Village cricket is a term, sometimes pejorative, given to the playing of cricket in rural villages in England and Wales. Many villages have their own teams that play at varying levels in local or regional club cricket leagues.

When organised cricket first began in the 17th century, matches were played between rival parishes or villages and this form of competition endured. In representative cricket a team includes players from more than one parish (e.g., a team that represents a county or a country).

Village cricket teams are often made up of local residents only, although some teams' first XI can include players with connections to minor counties cricket clubs and members of the academies of the county cricket club of the county in which the team lies.

Cricket in this form is often played on a village green or other public space instead of a dedicated ground, and the public may spectate.

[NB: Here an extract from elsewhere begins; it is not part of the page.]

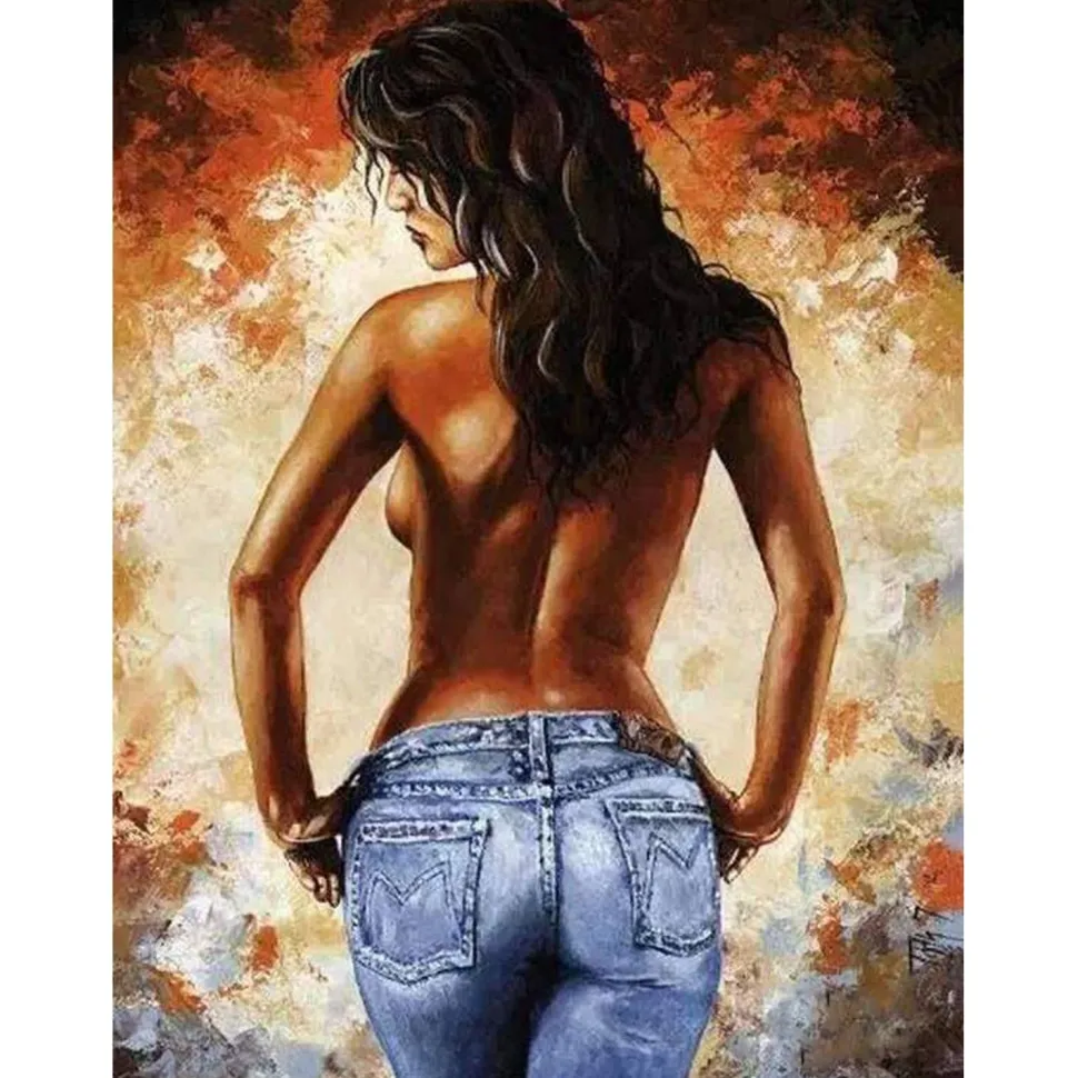 Caractéristiques détaillées : Peinture au numéro : En Jeans de Dos – sans châssis en bois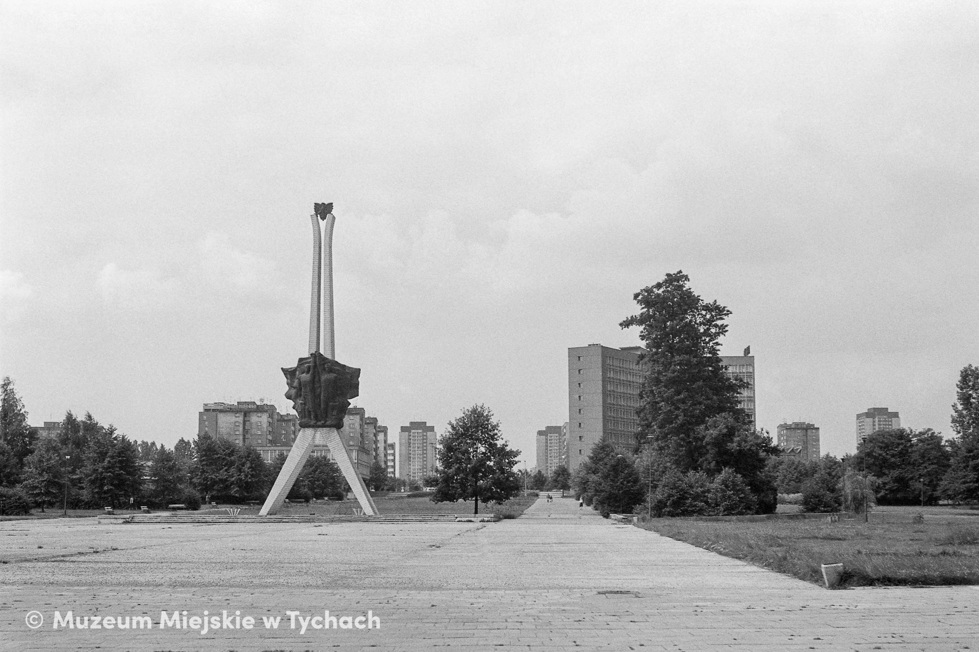 The Monument to Struggle and Labour (commonly known as the Giraffe) in Municipal Park. In the background you can see the building of the Municipal National Council (now Tychy City Hall) and residential blocks in housing estate D.

In many non-professional cricket leagues, the adjective "village" is a descriptor used humorously, self-deprecatingly, or, sometimes, pejoratively to convey a sense of amateurishness of some aspect of the team's (or an individual's) preparation, dress, conduct or play.

Village Cup
The annual National Village Cup competition began in 1972 and each year's competition is covered in detail (particularly the final) in the following Wisden Cricketers' Almanack. The Cricketer magazine is responsible for organising the competition.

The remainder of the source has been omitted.